Study Blue is digital online flashcards that can be accessed from any computer, tablet or smart phone.  This was nice, because I could open my flashcards anywhere I had an internet connection.

The flashcards use a simple yes/no answer system to categorize your cards, meaning you mark each card as correct or incorrect as you move through them. If you pay for the premium service, you are able to target your studying to only the most difficult (most often gotten wrong) flashcards.

You can share your flashcards with others, and even use groups of flashcards made by other users. Because it is fully online, you can make flashcards from any device that gives you access to the site, including smart phones.  You also have the option of uploading your cards as an excel spreadsheet (this is how my class shared cards – each student created a group of cards as an excel spreadsheet and then you deleted any you did not personally want).

To review your cards, you select the group of cards and then select 5, 10, 20 or all the cards.  You can also specify if you want to go through the cards in order, randomly shuffle or (with a premium package) target more difficult cards. You can also view your cards as a review sheet – seeing the front and back of all cards, or take quizzes made from your cards.

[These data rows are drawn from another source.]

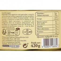 Lingotbönor 29 %, vatten, bitar av benfria, rökta fläsklägg 23,5 % (benfria fläsklägg [équivalent viande crue mise en œuvre : 20%] , vatten, salt, naturlig peppararom), grillad Toulouse-korv 11,9 % (fläskkött, fläskfett, salt, peppar, naturligt pepparskinn), bitar av revbensspjäll med ben tillagade i ankfett 7,1 % (fläskrevben, ankfett), fläsksvål, ankfett, purjolök, vitlöksmassa (vitlök, salt), fläskfett, morötter, lök, köttjuice, naturliga peppararomer, tomat, persilja, timjan, lagerblad, salt, muskotnöt, koriander, salvia, ingefära, kanel, kryddnejlika, oregano, naturlig arom. Fläsk: ursprung Frankrike. 99 % av dessa ingredienser är av franskt ursprung.
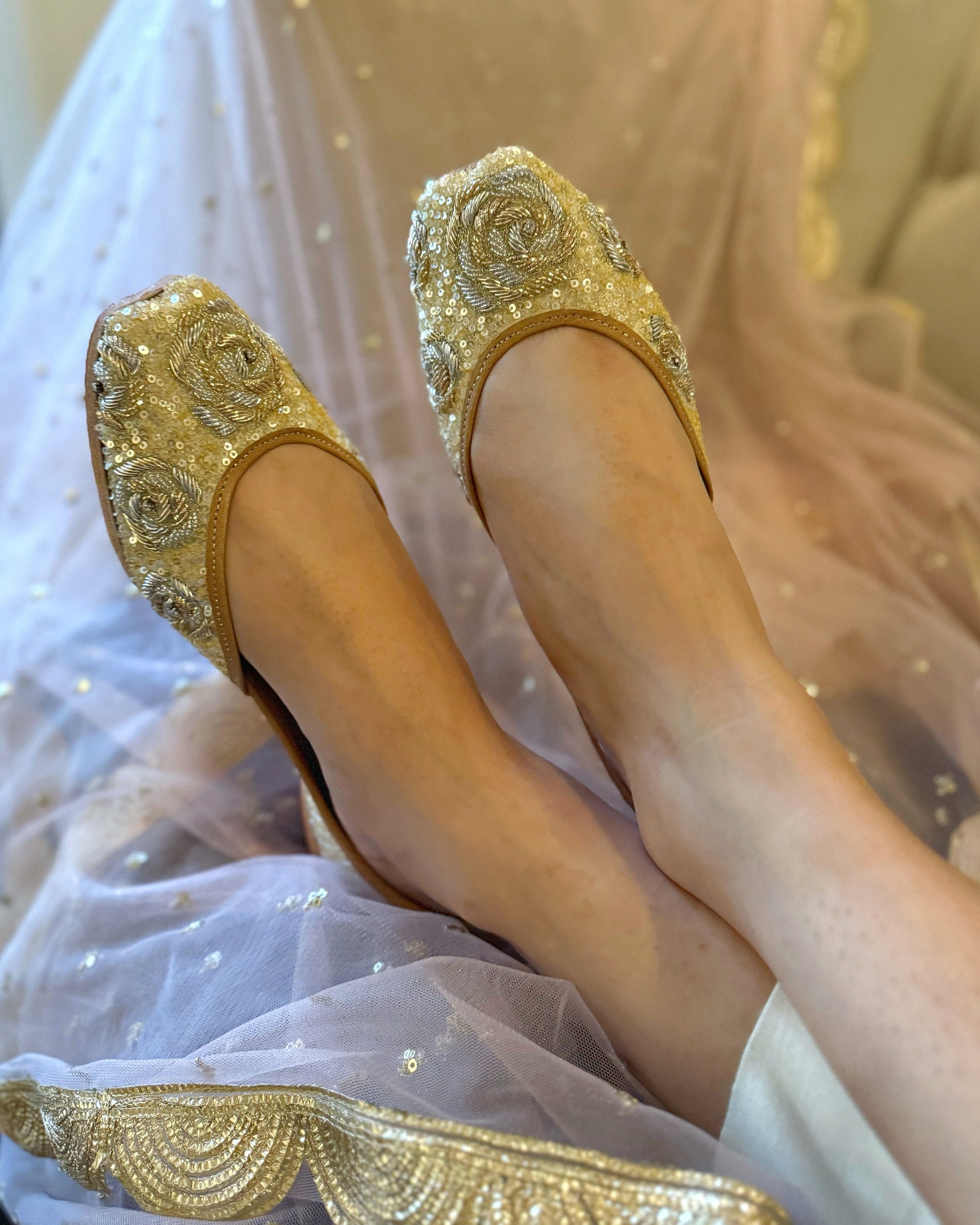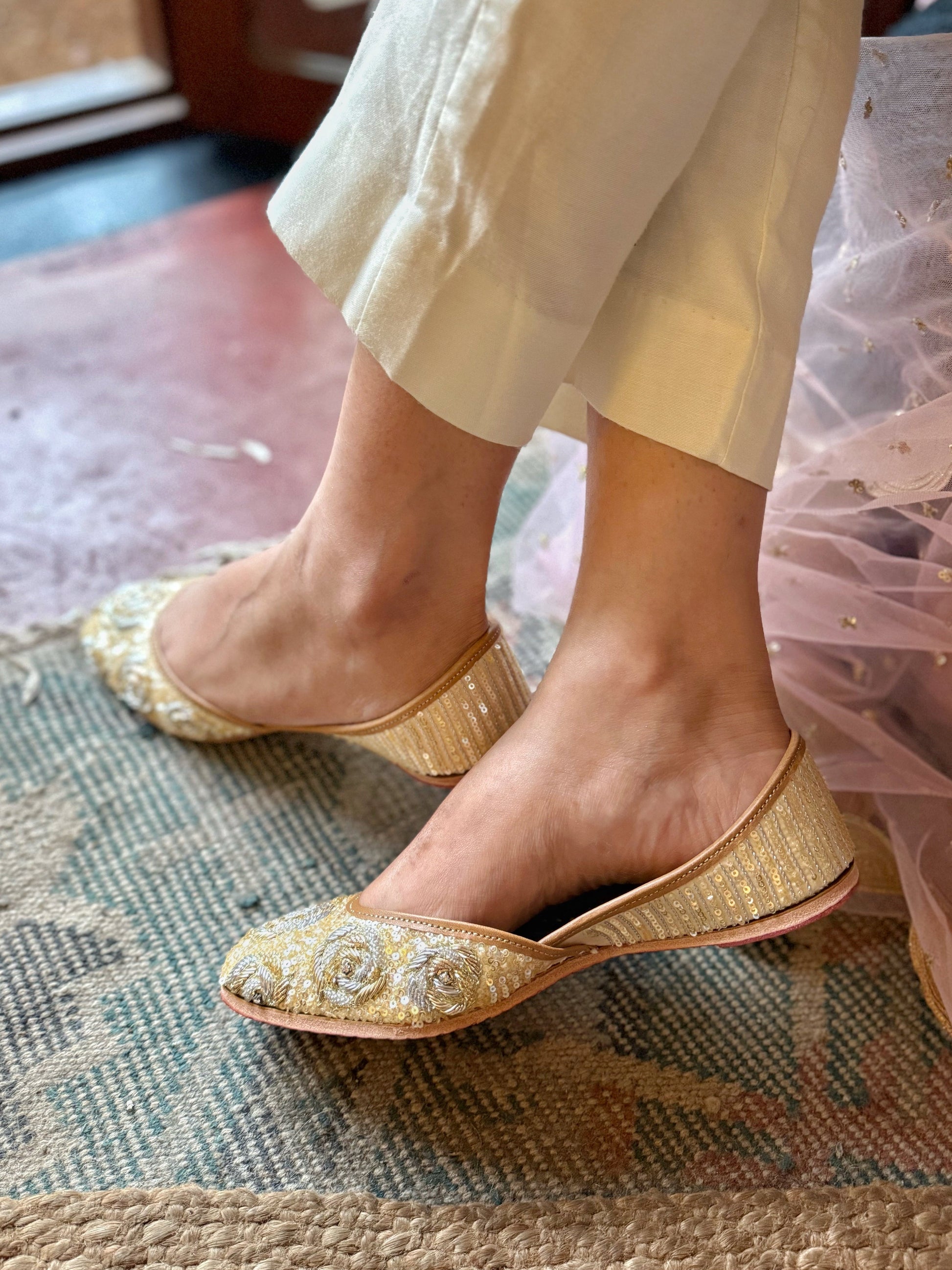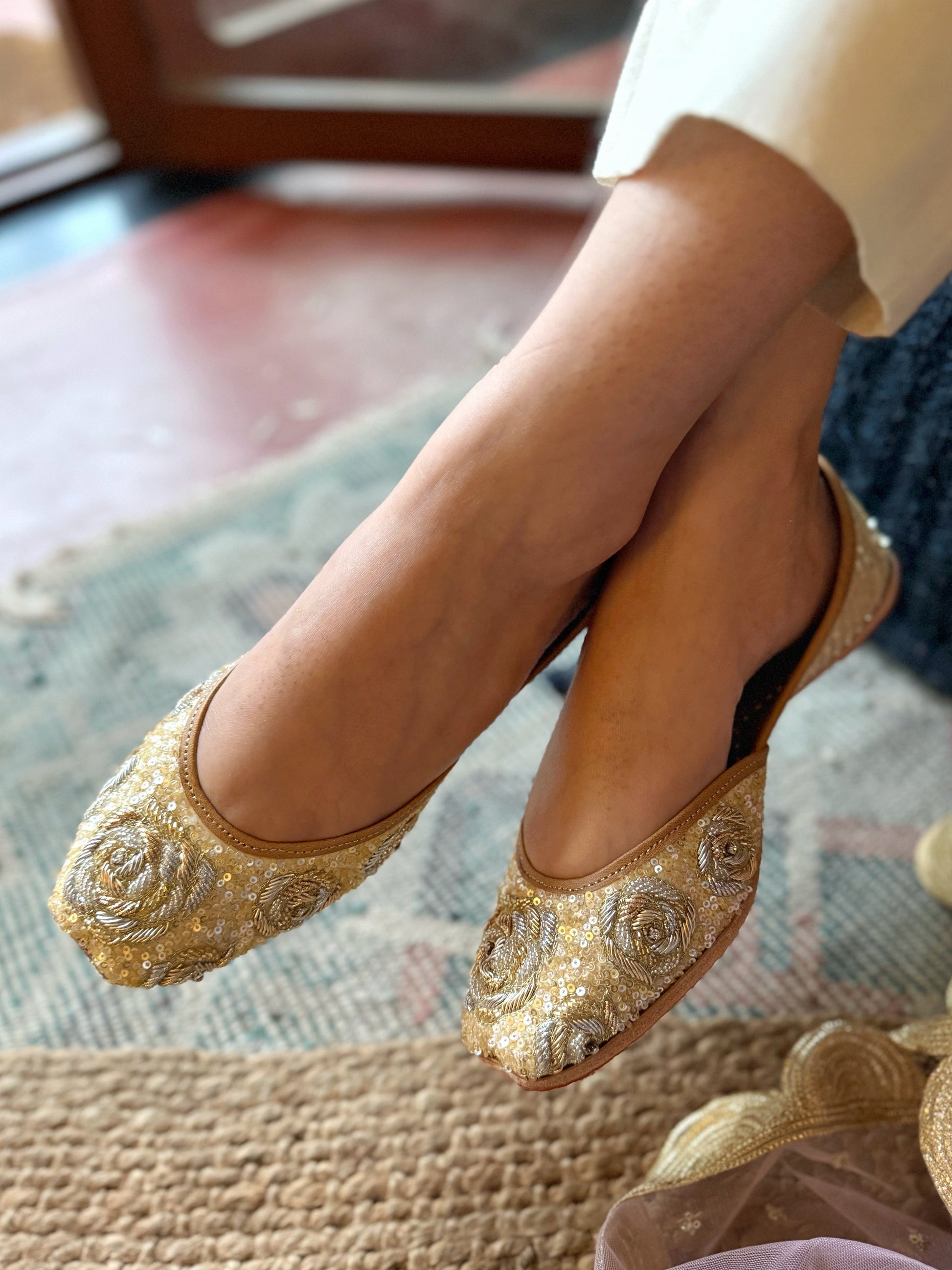 A dreamy jutti adorned with blooming roses in gold, silver, and rose gold, nestled on a bed of sequins. Crafted with saadi, glass beads, and glimmering love – it's perfect for weddings, festive soirées, or just a sparkle-kissed day.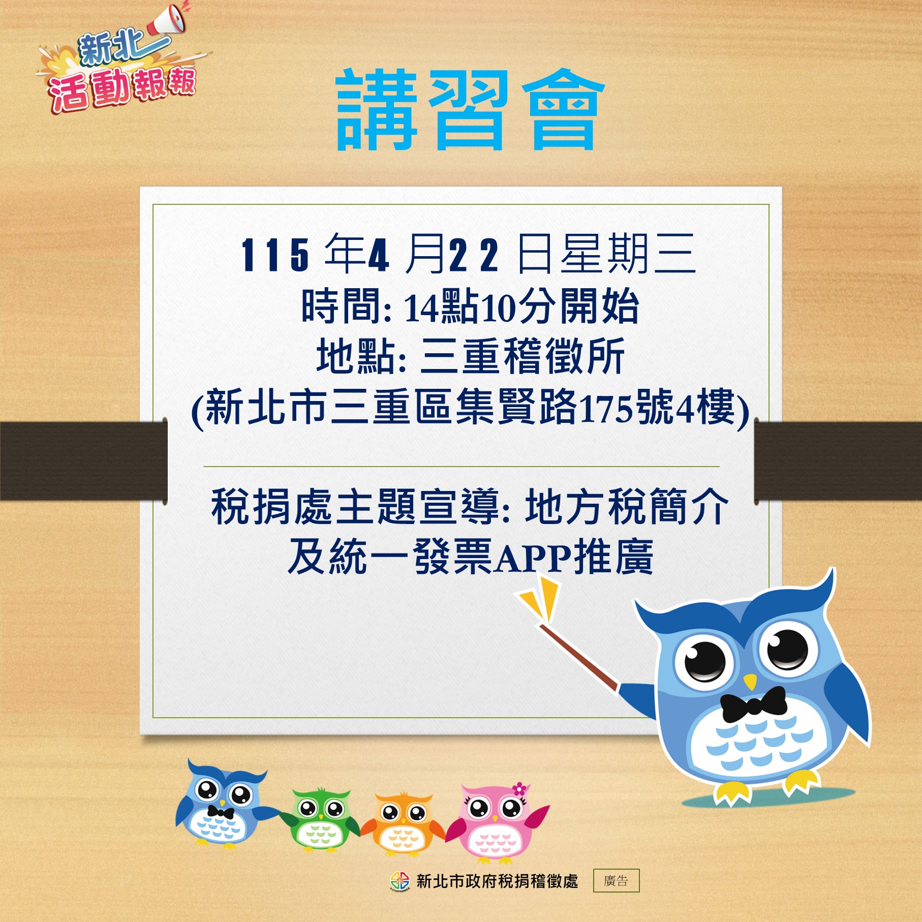 【新北活動報報-「三重稽徵所-地方稅簡介及統一發票APP推廣」】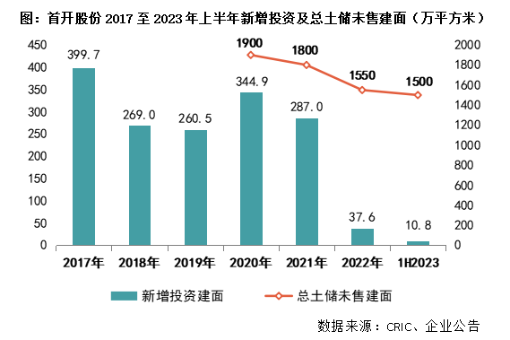 2023年上半年,行业流动性压力持续,规模房企整体投资意愿延续低迷、投资态度谨慎。首开股份的投资力度也收缩明显,新增投资规模保持在低位。上半年,首开股份以底价获取北京市昌平区南邵镇一宗纯商品住宅地块,地上建筑规模10.82万平方米。从未来可售资源来看,截至上半年末,首开股份总土储未售建面近1500万平方米,总土储规模保持相对充裕。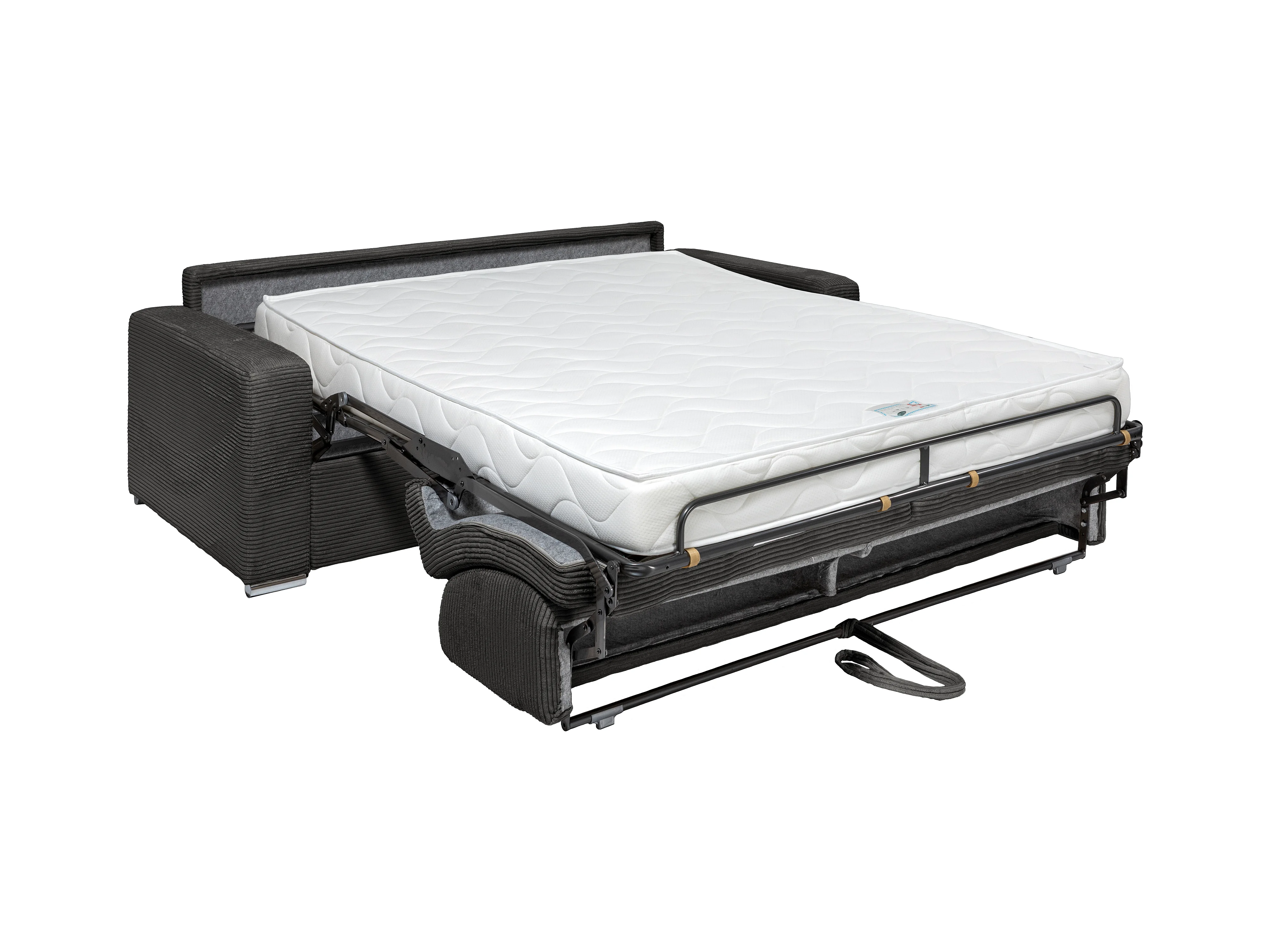 Express-vierzitsslaapbank van antracietgrijs ribfluweel - Bed met brede latten 160 cm - Matras 18 cm CALITO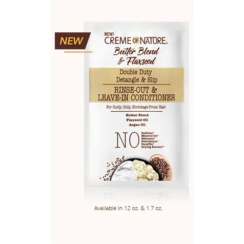 Creme of Nature's Butter Blend & Flaxseed 3-In-1 Rinse Out & Leave-In Conditioner Pkts detangles, hydrates, strengthens, and increases hair elasticity with Double Duty Rinse-Out & Leave-In Conditioner infused with a Butter Blend, Flaxseed Oil & Argan Oil. This lightweight multi-usage formula is perfect as a rinse-out and leave-In. Detangles & Adds Great Slip Helps Stretch Hair & Increases Elasticity Hydrates & Adds Manageability Softens & Adds Shine Strengthens & Helps Prevent Damage

I liked the easy access to all my cards from any device, but found that not having good cell service in some buildings frustrating limited the usability (like being on call in a hospital late at night). I wanted the ability to put some cards on my phone so I always had cards to work with. I couldn’t access my online cards while in Honduras – when I had  internet I downloaded important card groups and then imported them to another flashcard program.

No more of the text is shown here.